> Work instruction: Below are some records. Write out the lines from the one containing "Подставка под утюг" to the last line, word for word, leaving out pictures.

> Records to process:
☆ ☆ ☆ ☆

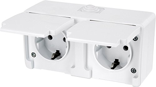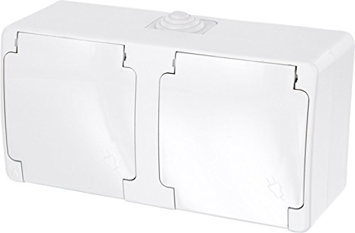 Presa doppia non da incasso per ambienti umidi con coperchio a molla IP54 - Tutto in uno - Cornice + inserto + copertura (serie G1, colore: bianco puro)
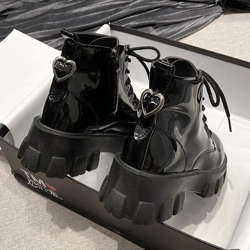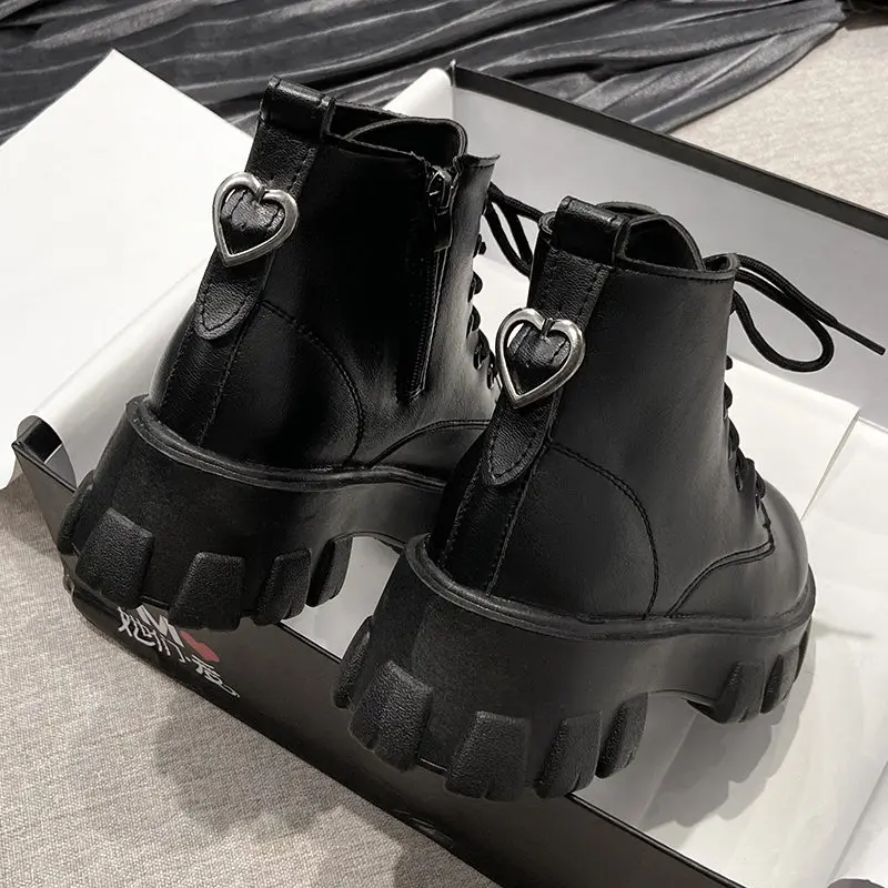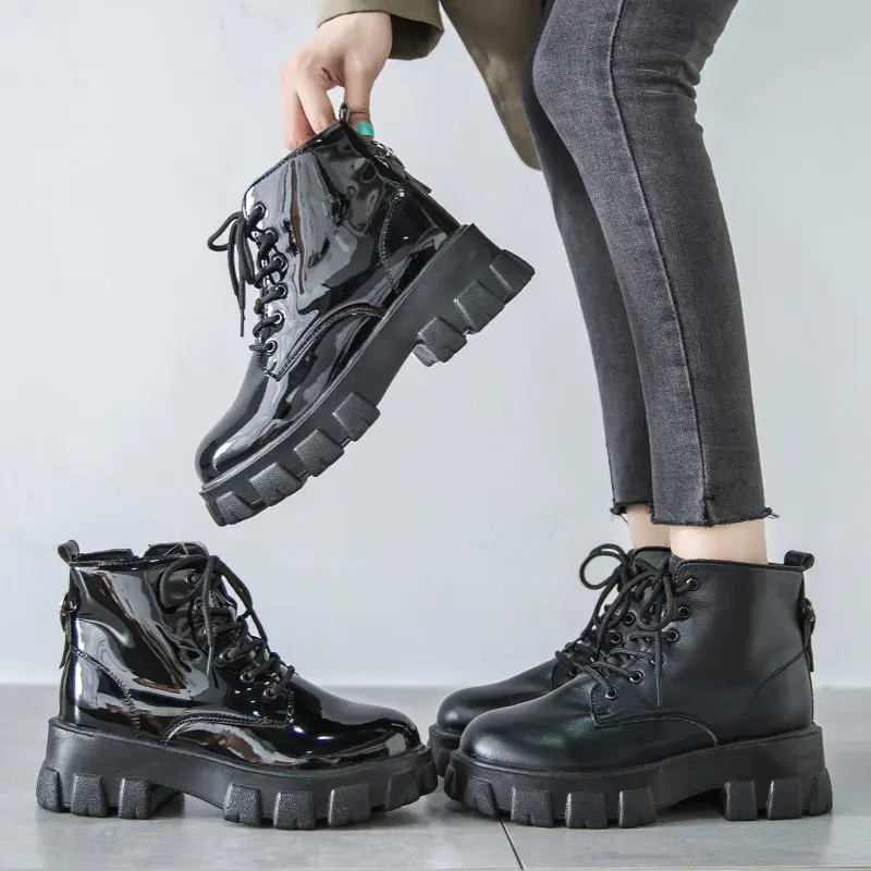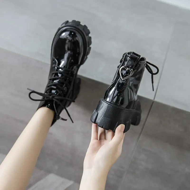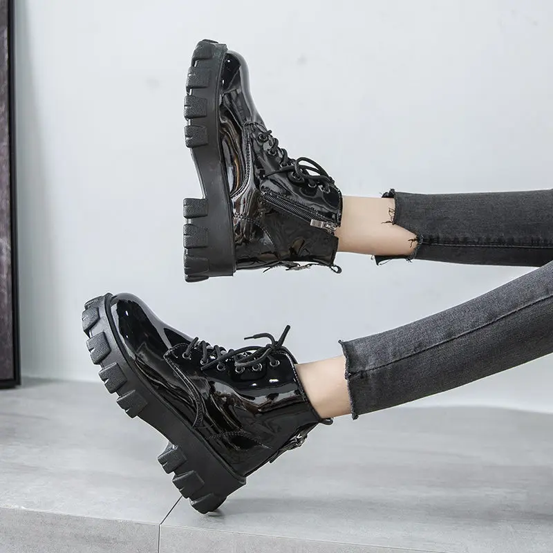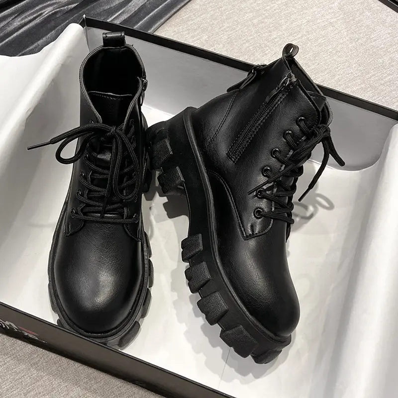 Зимние женские ботильоны, черные кожаные, коллекция 2022 года, модные, Осенние, теплые, мотоциклетные, Нескользящие, водонепроницаемые женские ботинки на платформе
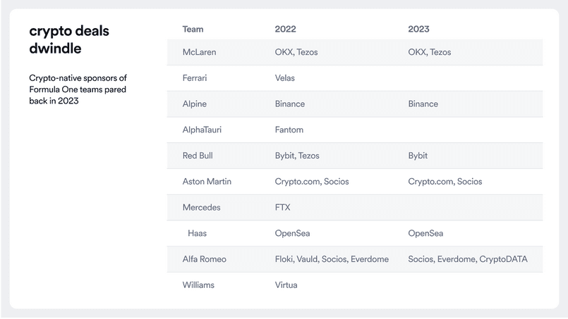 Formula 1’s top teams are all in on crypto cash. McLaren’s rolling with Tezos and OKX, Haas has OpenSea backing them up, and Alpine’s getting a boost from Binance, even spinning out their fan token. And Crypto.com has hit the jackpot, landing smack dab in the middle of the action with huge fan crowds from Formula 1. No one hides the fact that some of their sweet partner deals have boosted its growth.
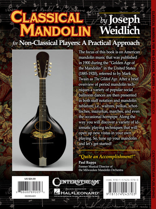 The focus of this book is on American mandolin music that was published circa 1900 during the Golden Age of the Mandolin in the United States (1885-1920), referred to by Mark Twain as The Gilded Age. After a brief overview of period mandolin techniques, a variety of popular social ballroom dances are then presented in both staff notation and mandolin tablature, including waltzes, polkas, schottisches, mazurkas, marches and even the occasional hornpipe. Along the way, you will discover a variety of idiomatic playing techniques that will open up new vistas in your own playing. So tune up your mandolin and get started!
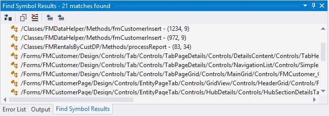 During build operations, cross-reference information is generated that can be used to show how elements are used. You can right-click an element and then click Find References to display a list of the locations where that element is used. When you click one of the items in the list, the designer for the element opens.
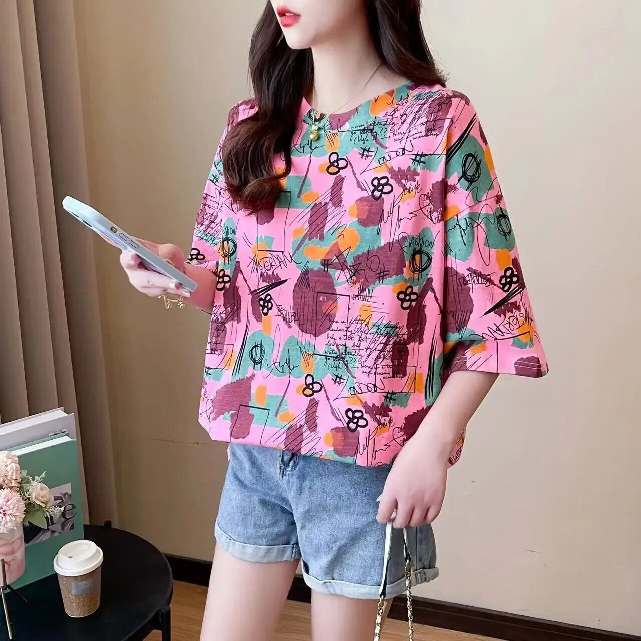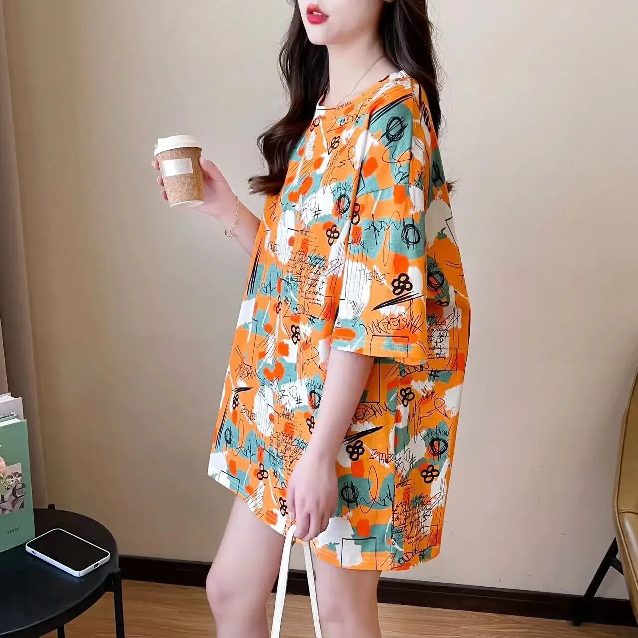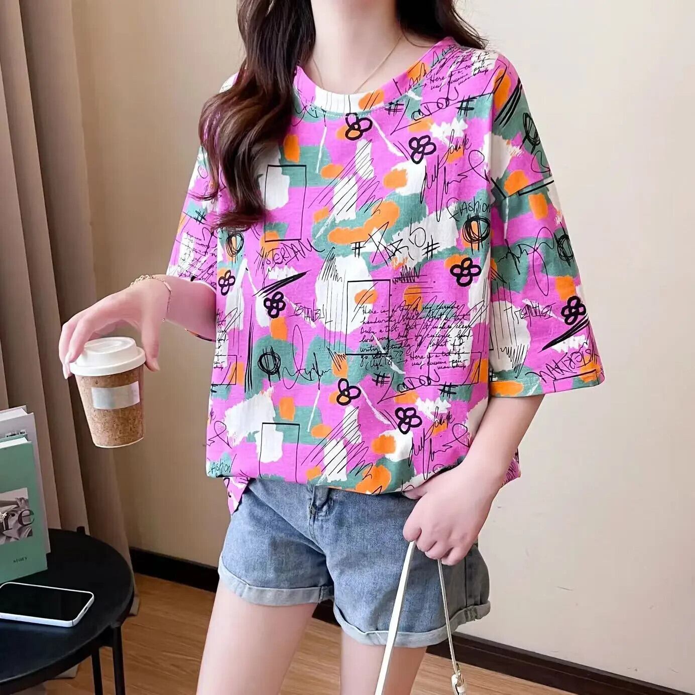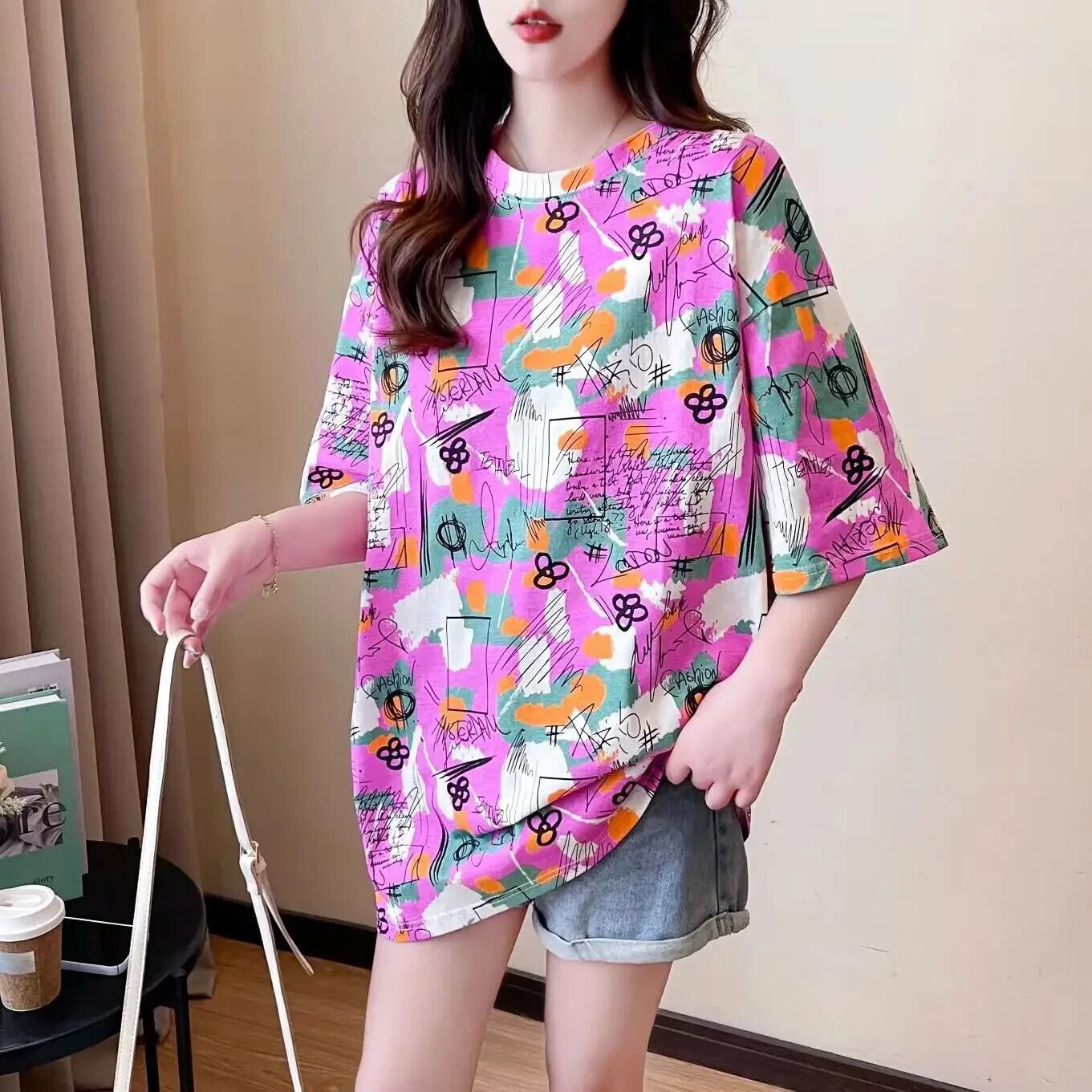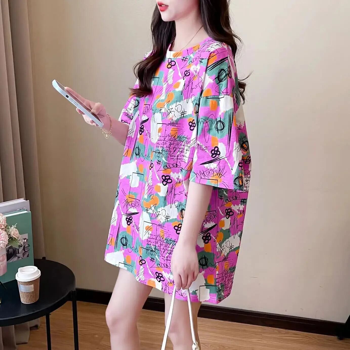 韓国プリントグラフィックトップスロング Tシャツ夏特大 Tシャツ原宿紫 tシャツヒップホップストリート かわいい サマー 夏物 パープル
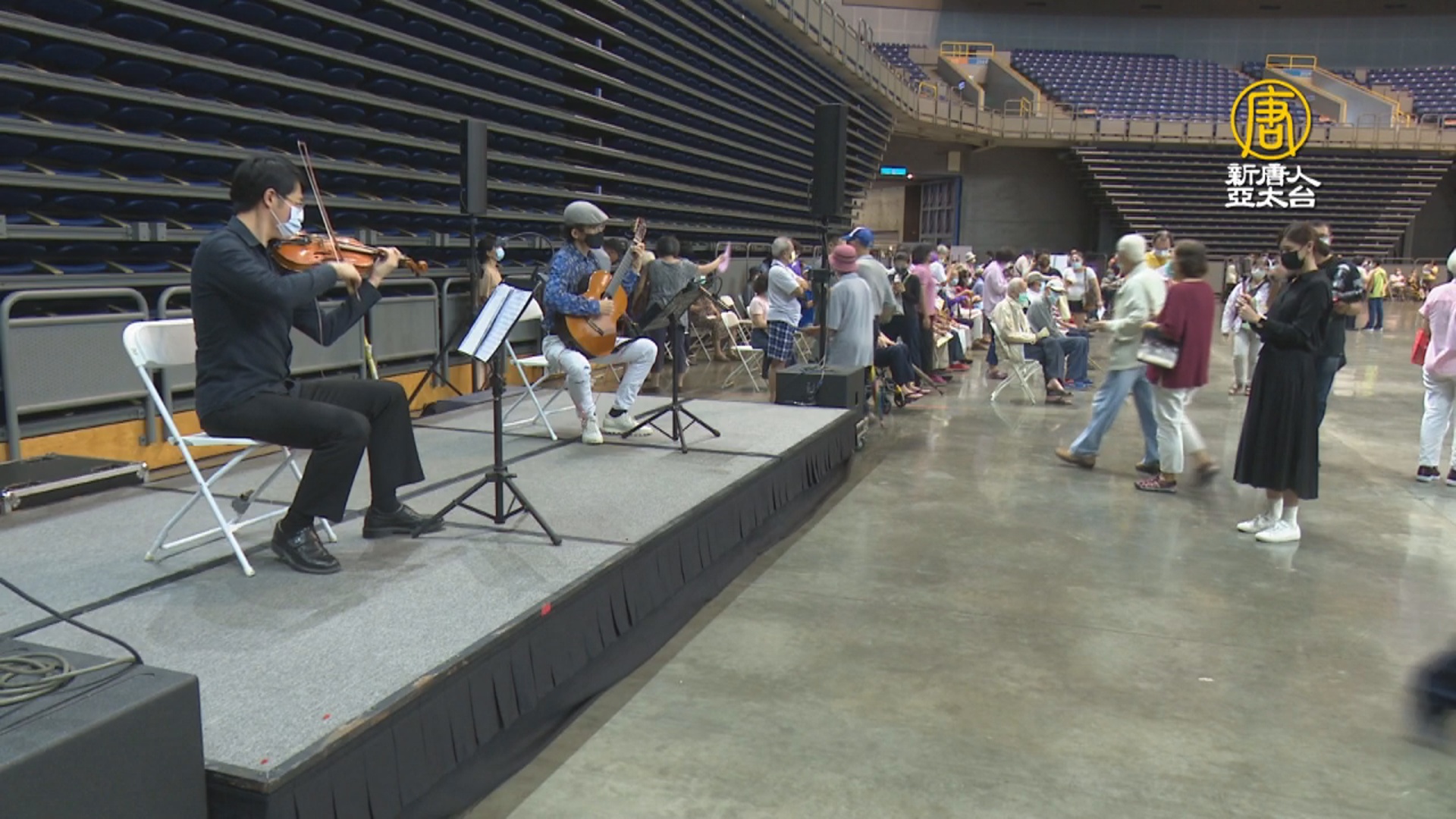 綠島小夜曲,黃昏的故鄉,一首首膾炙人口的樂曲,別以為是在開音樂會,其實是兩位高雄在地的音樂家蔡世鴻和蔡宗言老師,發心為在高雄巨蛋接種疫苗的長輩現場演出,希望能舒緩施打長輩及陪同家屬等待接種的心情。
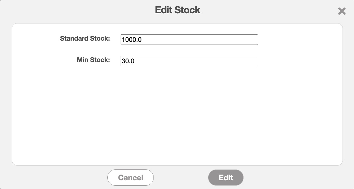 Regardless of the method you use to edit the warehouse inventory stock levels, the Edit Stock pop-up window will appear:
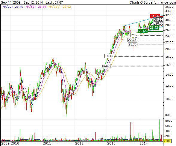Sapine September 13, 2014 Es rollen die Köpfe http://ir.hertz.com/press-releases 8.9. Hertz Announces Mark Frissora To Step Down As Chairman And CEO 10.9. Hertz Equipment Rental Corporation Appoints Christian J. Cunningham As Chief Human Resources Officer 11.9. Hertz Reaches an Agreement-in-Principle With Carl Icahn to Add Three Directors Seit Mitte 2012 hat der Kurs ja schon eine mächtige Ralley hingelegt (Kurse in Dollar), seit Ende letzten Jahres hat sich das Tempo deutlich verlangsamt. Diesen Beitrag teilen Link zum Beitrag
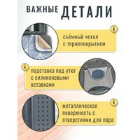 Подставка под утюг широкую поверхность, что обеспечивает устойчивость и безопасность при работе с утюгом. Съемный чехол изготовлен из поролона и хлопка с термоустойчивым покрытием, что гарантирует долгий срок службы и сохранение внешнего вида.
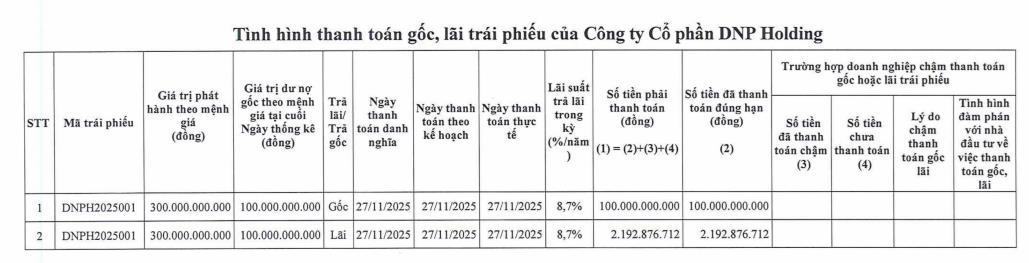 Theo đó, ngày 27/11/2025, DNP Holding đã thực hiện thanh toán 100 tỷ đồng tiền gốc và gần 2,2 tỷ đồng tiền lãi cho lô trái phiếu mã DNPH2025001, qua đó tất toán lô trái phiếu này đúng hạn.

☆ ☆ ☆ ☆

> Result of this task:
 Подставка под утюг широкую поверхность, что обеспечивает устойчивость и безопасность при работе с утюгом. Съемный чехол изготовлен из поролона и хлопка с термоустойчивым покрытием, что гарантирует долгий срок службы и сохранение внешнего вида.
 Theo đó, ngày 27/11/2025, DNP Holding đã thực hiện thanh toán 100 tỷ đồng tiền gốc và gần 2,2 tỷ đồng tiền lãi cho lô trái phiếu mã DNPH2025001, qua đó tất toán lô trái phiếu này đúng hạn.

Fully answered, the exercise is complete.